Decision Likely This Week On Suspended 'U' Teachers
A final decision will be probably forthcoming this week on the three suspended University faculty members who refused to answer questions before the House un-American activities subcommittee on Communist activities.
The University Board of Regents will meet Friday and one of the subjects on the agenda is expected to be whether to lift the suspensions or dismiss the teachers.
Profs. Mark Nickerson and Clement L. Markert and Dr. H. Chandler Davis were suspended by U-M President Harlan Hatcher "without prejudice" on May 10 following meetings of the congressional committee in Lansing.
Profs.
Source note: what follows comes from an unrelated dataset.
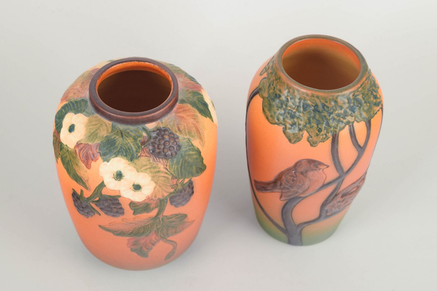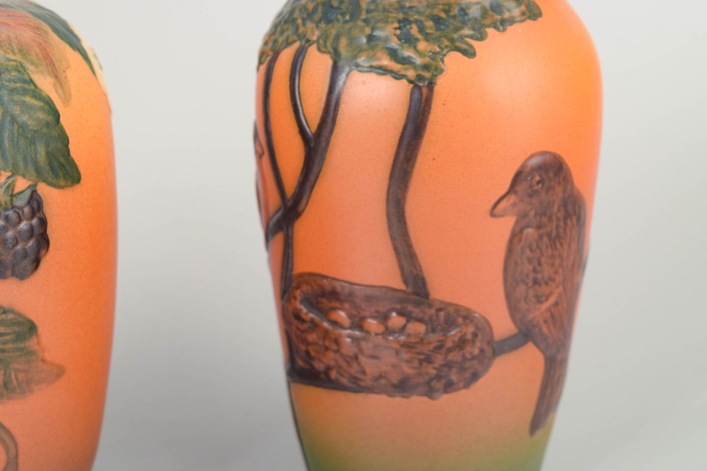 To smukt dekorerede keramikvaser fra Ipsens Enke, hver med reliefdekoration. Den ene vase viser brombærgrene med blomster og frugter, mens den anden har motiv af fugl og rede i træ. Begge i varme orange og grønne toner med mat glasur og klassisk art deco-udtryk.

Nickerson and Markert invoked the Fifth Amendment in refusing to answer certain questions by Rep. Kit Clardy (R), Mich. The Fifth Amendment guarantees against self-incrimination.
Invokes First Amendment
Dr. Davis invoked the First Amendment which guarantees freedom of speech, press, and association. Earlier this week the House of Representatives voted a contempt of Congress citation against Davis.
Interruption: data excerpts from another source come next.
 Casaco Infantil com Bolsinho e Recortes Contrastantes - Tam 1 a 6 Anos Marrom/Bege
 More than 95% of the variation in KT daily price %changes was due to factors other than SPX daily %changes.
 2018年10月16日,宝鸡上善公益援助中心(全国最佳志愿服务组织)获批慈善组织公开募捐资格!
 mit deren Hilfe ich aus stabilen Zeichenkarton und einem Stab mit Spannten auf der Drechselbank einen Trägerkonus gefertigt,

Clardy had said at the hearings that the subcommittee, which he heads, recognized only the Fifth Amendment as a valid reason for declining to answer.
The teachers had balked at the
question, "Are you now or have you ever been a member of the Communist Party or of any organization advocating the overthrow of the government by force or violence.”
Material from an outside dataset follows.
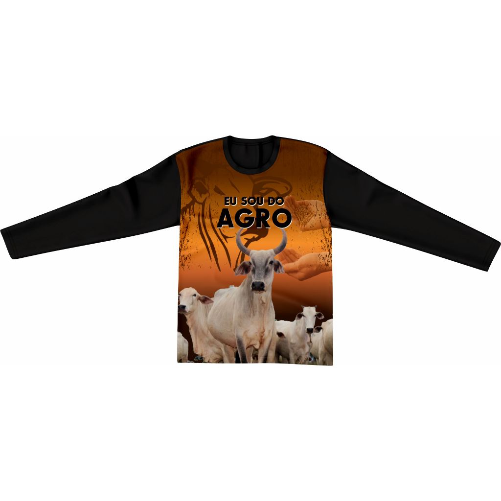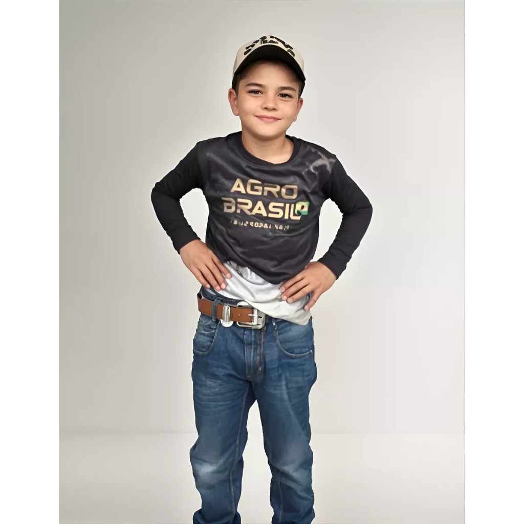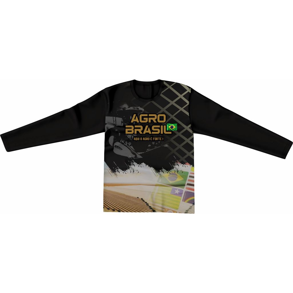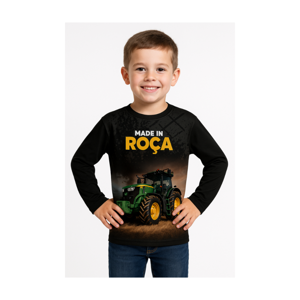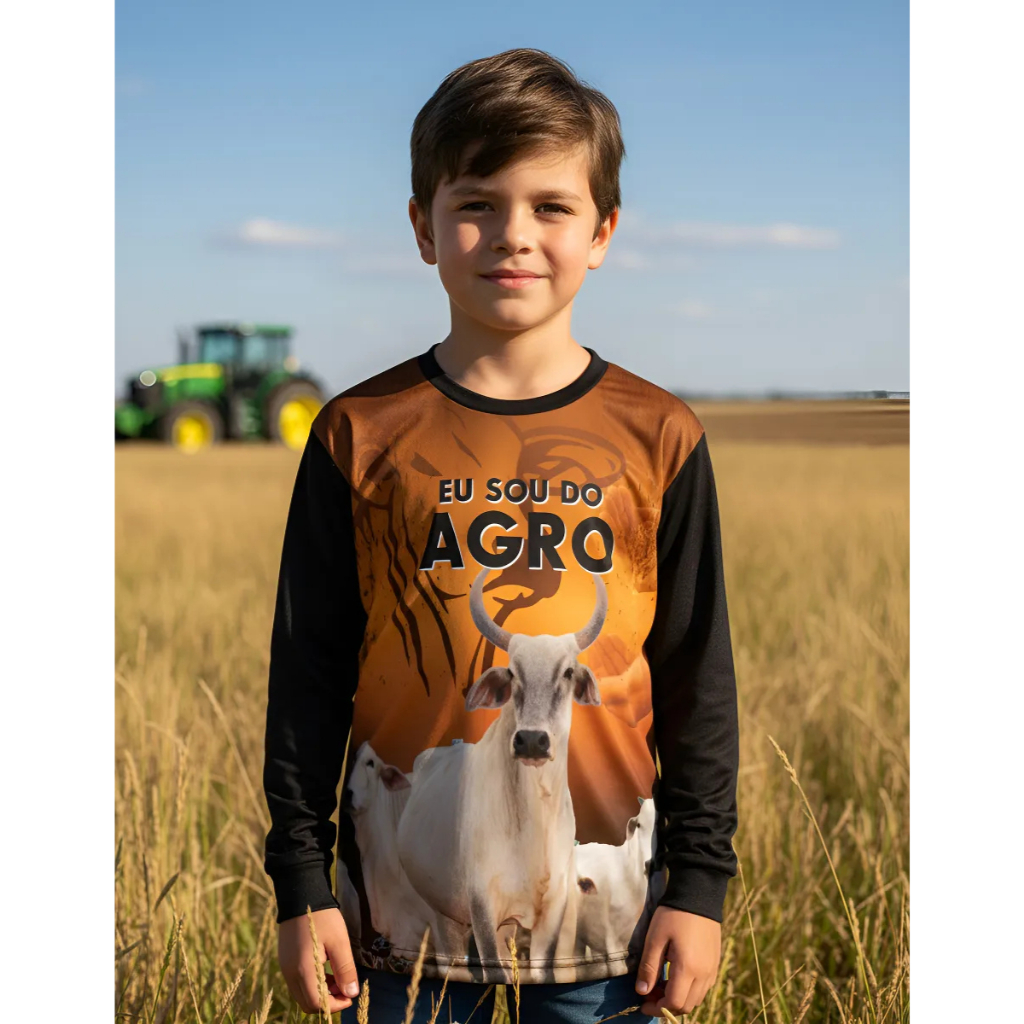 Camisa Camiseta Manga longa Infantil Masculina Agro Blusa com Proteção Solar Uv Tecido Dry Fit

Since May 10 University officials have been moving slowly on the suspensions, giving each case a full hearing.
Special Board Set Up
A special board was set up to review the cases with President Hatcher. The Regents will have to make the final decision.
Dr. Nickerson, 37, has been associate professor of pharmacology at the University's Medical School since 1951. In 1949 he won the John Abel Award of $1,000 for the “most outstanding work in the U. S." in the field of pharmacology.
Dr. Markert, 37, has been on the U-M faculty since 1950 as an assistant professor of zoology.
Dr. Davis, 26, a mathematics instructor, joined the U-M staff in 1950.